### Task to carry out
Here the job is to repeat the listing exactly, but not the pictures in it.

****

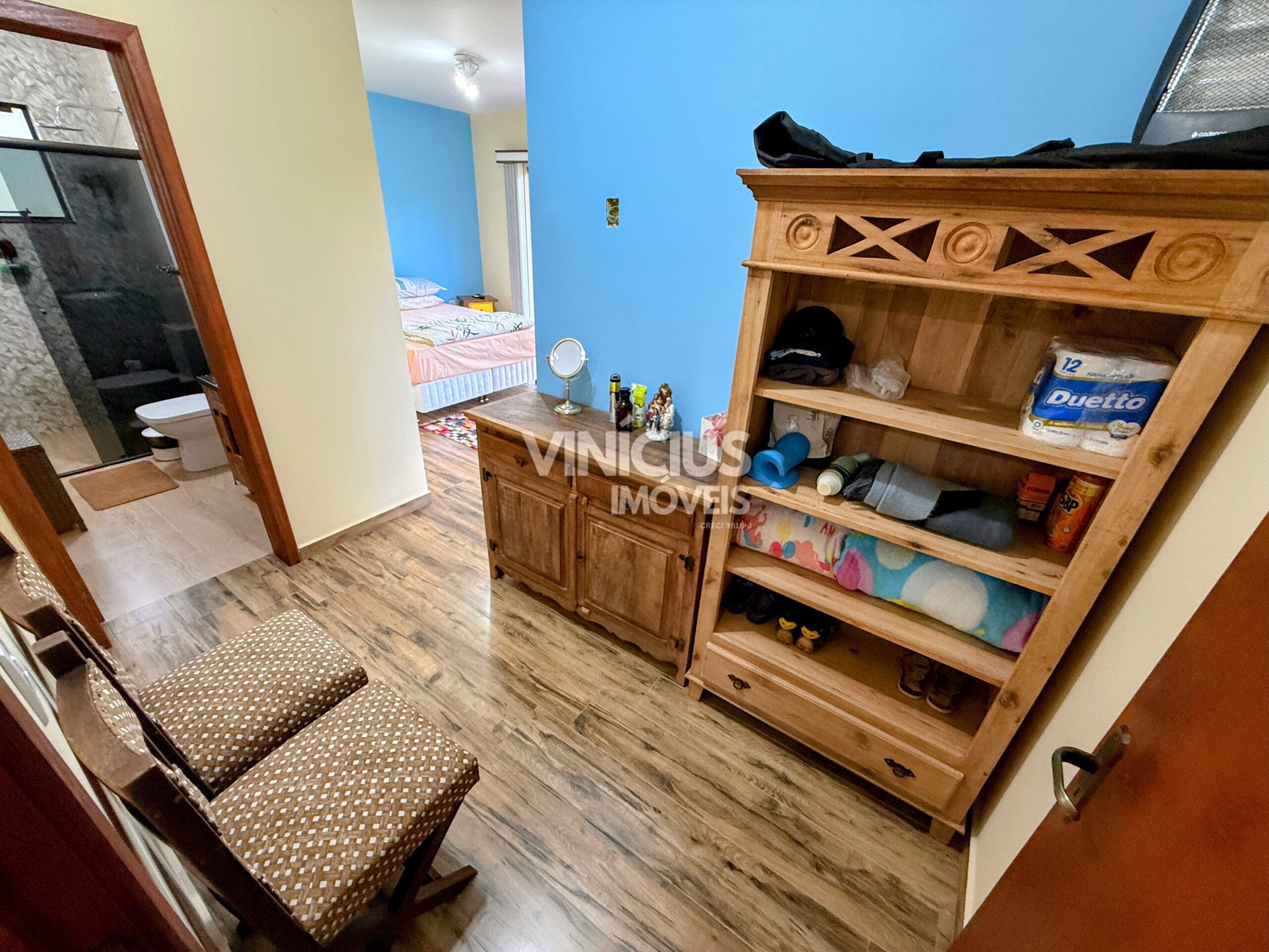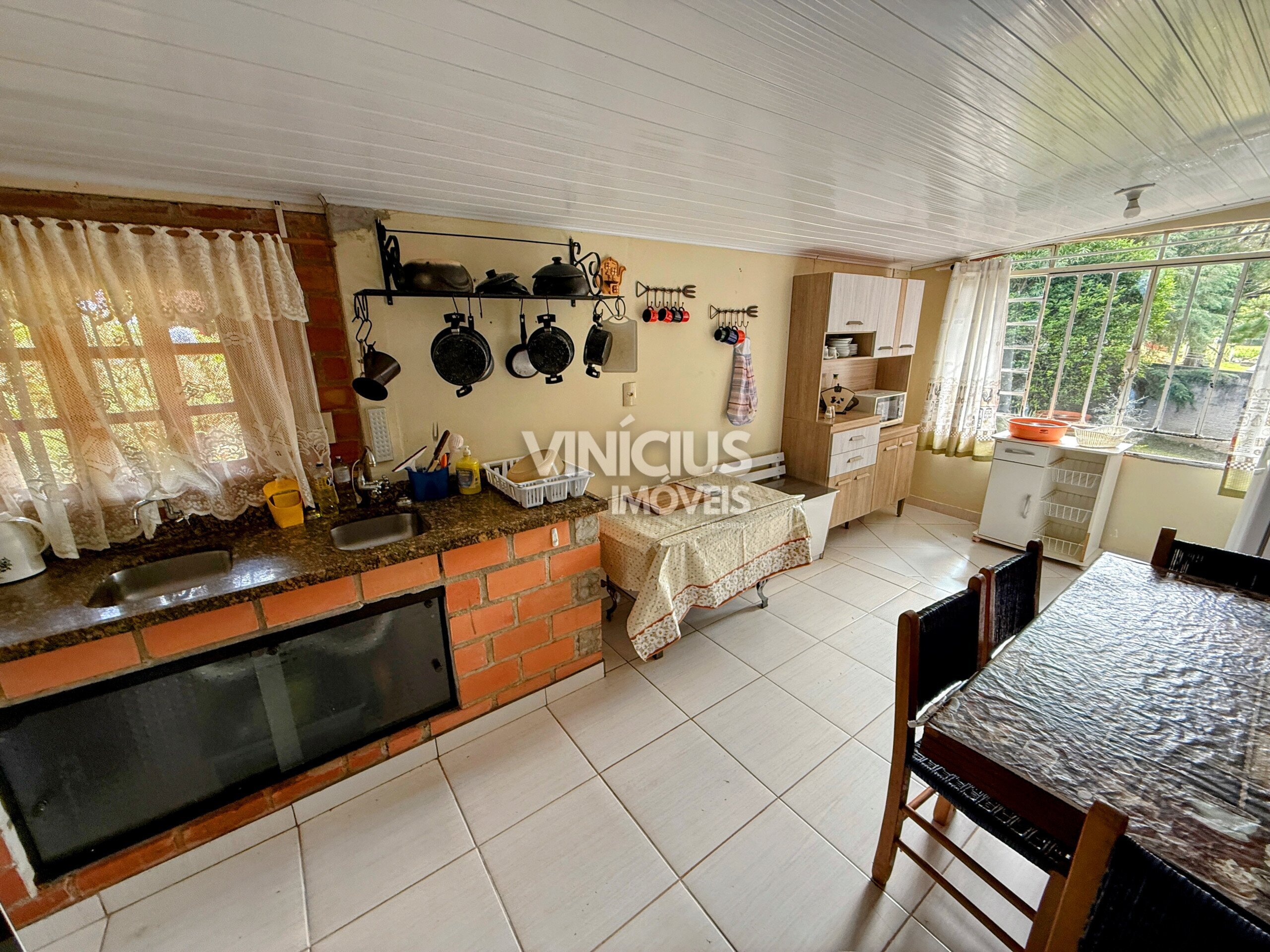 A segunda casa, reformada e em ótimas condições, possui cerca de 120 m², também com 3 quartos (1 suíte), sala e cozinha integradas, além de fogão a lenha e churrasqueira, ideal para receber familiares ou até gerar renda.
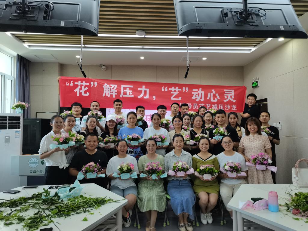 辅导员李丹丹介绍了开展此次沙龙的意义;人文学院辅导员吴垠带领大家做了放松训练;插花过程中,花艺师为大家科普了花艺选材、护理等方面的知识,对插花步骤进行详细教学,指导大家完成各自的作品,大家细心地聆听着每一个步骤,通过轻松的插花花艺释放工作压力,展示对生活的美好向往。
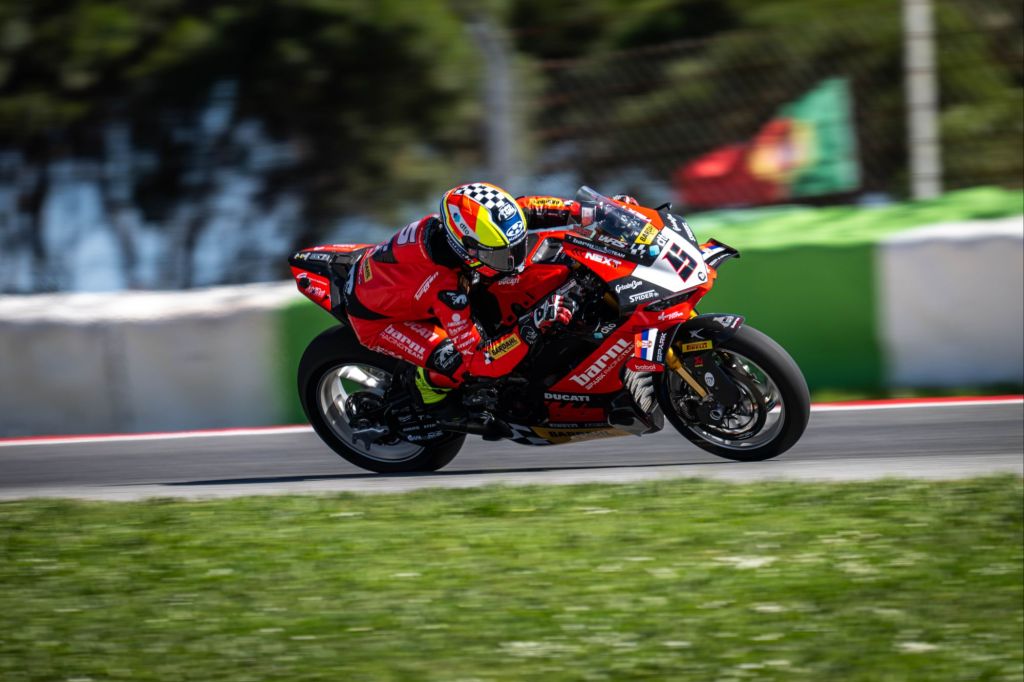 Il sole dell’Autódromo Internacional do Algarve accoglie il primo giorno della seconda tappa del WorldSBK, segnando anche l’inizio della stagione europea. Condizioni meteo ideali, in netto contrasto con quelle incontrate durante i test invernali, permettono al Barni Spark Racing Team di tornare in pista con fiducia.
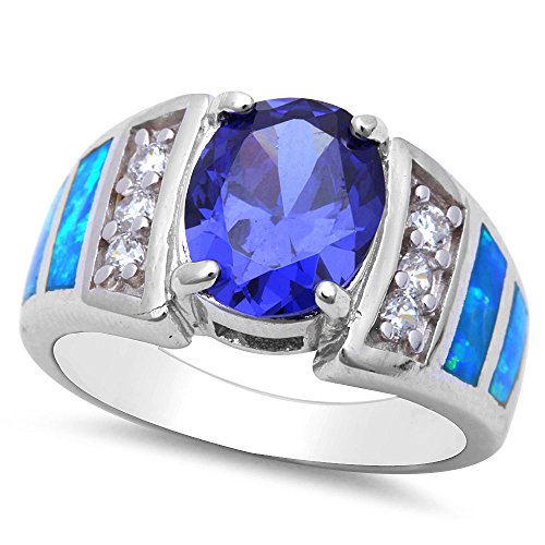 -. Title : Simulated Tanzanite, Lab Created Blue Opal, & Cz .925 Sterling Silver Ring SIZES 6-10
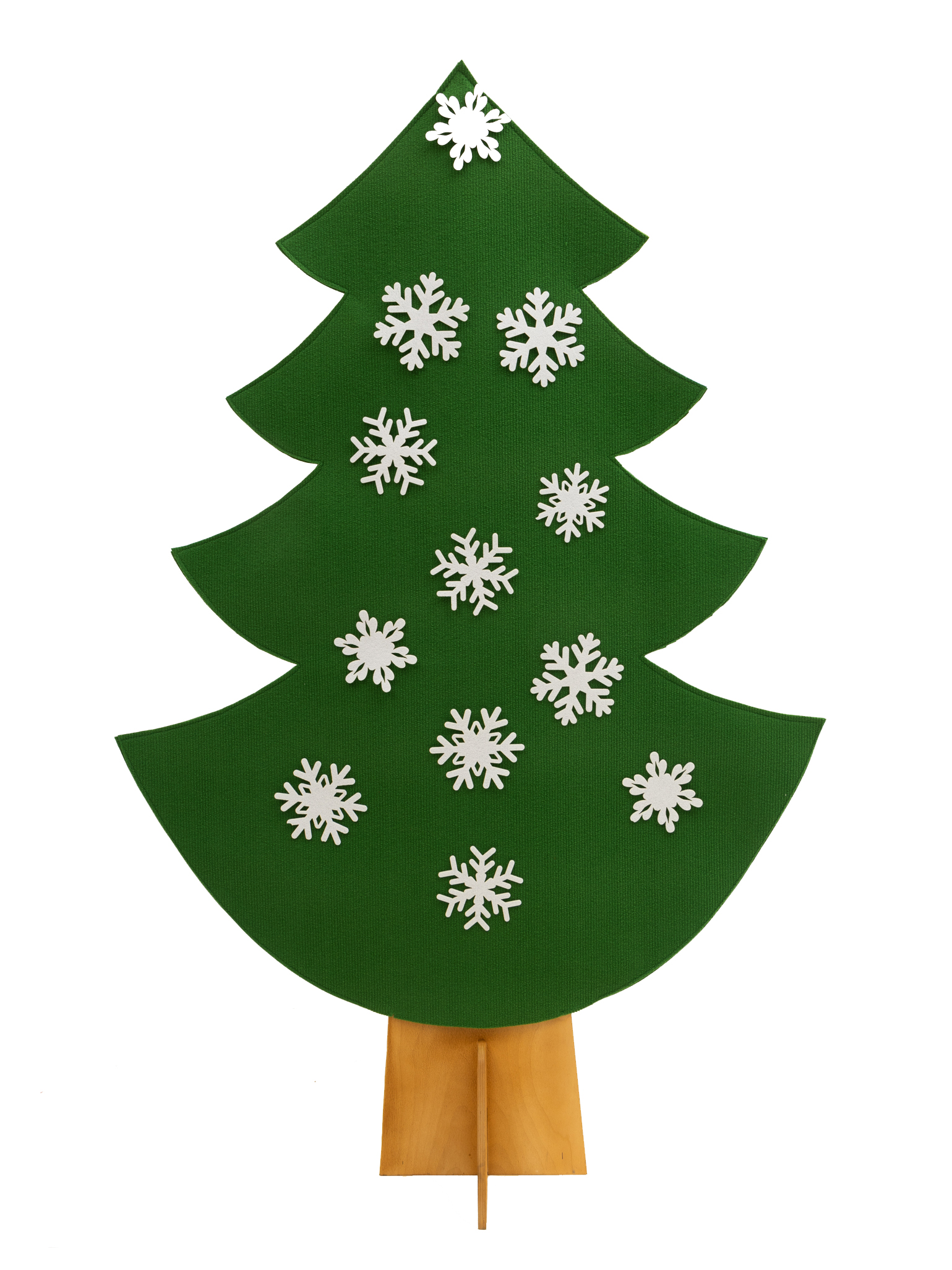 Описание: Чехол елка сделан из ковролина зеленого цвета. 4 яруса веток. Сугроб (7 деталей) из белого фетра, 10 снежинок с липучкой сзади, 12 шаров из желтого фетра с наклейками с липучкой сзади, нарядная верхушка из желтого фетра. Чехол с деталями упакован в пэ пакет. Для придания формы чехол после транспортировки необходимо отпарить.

****

### Response below
 A segunda casa, reformada e em ótimas condições, possui cerca de 120 m², também com 3 quartos (1 suíte), sala e cozinha integradas, além de fogão a lenha e churrasqueira, ideal para receber familiares ou até gerar renda.
 辅导员李丹丹介绍了开展此次沙龙的意义;人文学院辅导员吴垠带领大家做了放松训练;插花过程中,花艺师为大家科普了花艺选材、护理等方面的知识,对插花步骤进行详细教学,指导大家完成各自的作品,大家细心地聆听着每一个步骤,通过轻松的插花花艺释放工作压力,展示对生活的美好向往。
 Il sole dell’Autódromo Internacional do Algarve accoglie il primo giorno della seconda tappa del WorldSBK, segnando anche l’inizio della stagione europea. Condizioni meteo ideali, in netto contrasto con quelle incontrate durante i test invernali, permettono al Barni Spark Racing Team di tornare in pista con fiducia.
 -. Title : Simulated Tanzanite, Lab Created Blue Opal, & Cz .925 Sterling Silver Ring SIZES 6-10
 Описание: Чехол елка сделан из ковролина зеленого цвета. 4 яруса веток. Сугроб (7 деталей) из белого фетра, 10 снежинок с липучкой сзади, 12 шаров из желтого фетра с наклейками с липучкой сзади, нарядная верхушка из желтого фетра. Чехол с деталями упакован в пэ пакет. Для придания формы чехол после транспортировки необходимо отпарить.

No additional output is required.